In January 2012, Delta announced the postponing of any decision to start building a second nuclear power plant.

In November 2018, a majority of the Dutch parliament supported the construction of new nuclear power plants.

In November 2019, an opinion poll found that 61% of Dutch voters are in favor of the installation of new nuclear plants in the Netherlands, with a noticeable discrepancy between right- and left-wing voters.

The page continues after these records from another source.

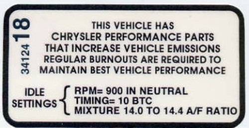 The R/T Garage, home of the Rev-n-nator, has these "emissions" decals. I have one, but can't figure out where to put it as the radiator support is too narrow.
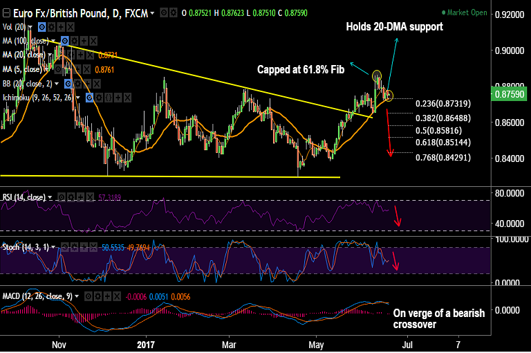 Support levels - 0.8731 (20-DMA), 0.8648 (38.2% Fib of 0.8297 to 0.8866 rally), 0.8616 (200-DMA)
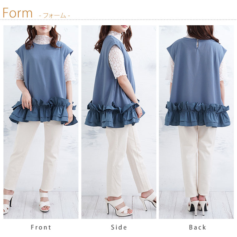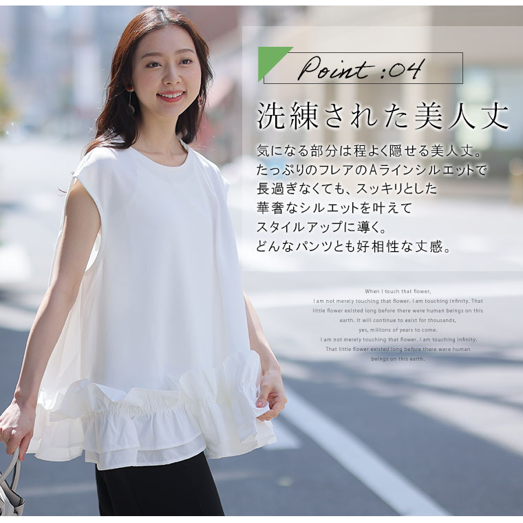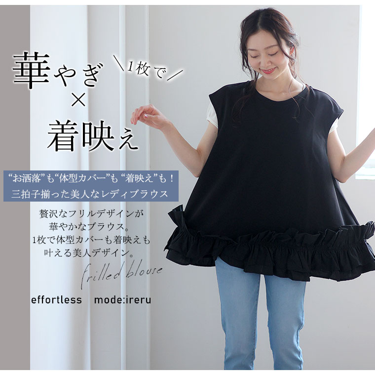 4. 大きいサイズ 【effortless mode】美人に着映える! 華やぎ スタイルカバー カットジョーゼット フリルヘム ブラウス
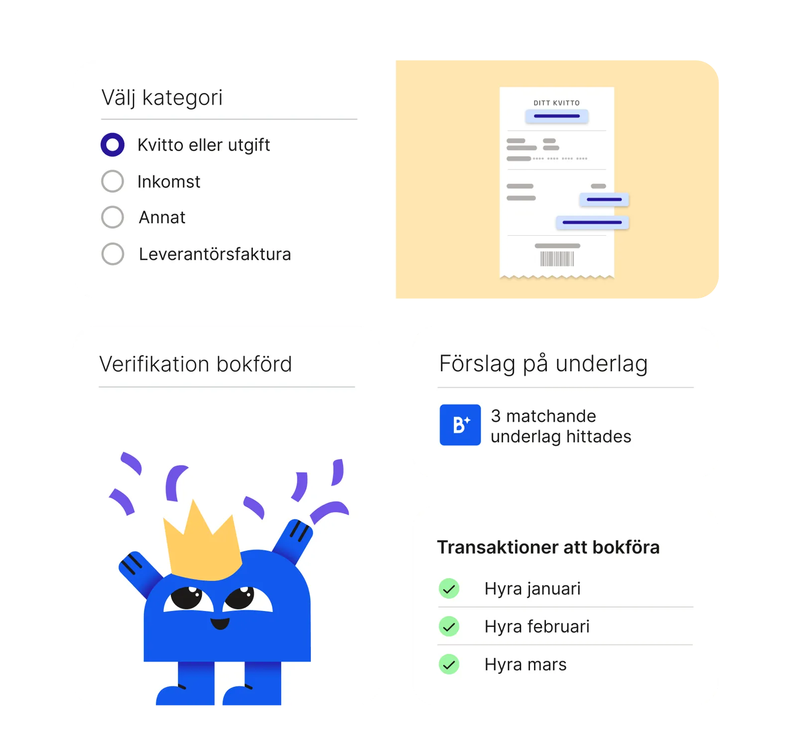 Fota det du vill bokföra direkt med mobilen eller ladda upp via datorn. Vi hjälper dig matcha underlaget till rätt transaktion.

In December 2021, the Fourth Rutte cabinet stated that it wants to prepare for the construction of two new nuclear power plants in order to reduce CO_{2} emissions and meet the European Union goals for tackling climate change. Part of this preparation is the launch of a feasibility study, looking at the advantages and disadvantages of the use of nuclear power to tackle climate change.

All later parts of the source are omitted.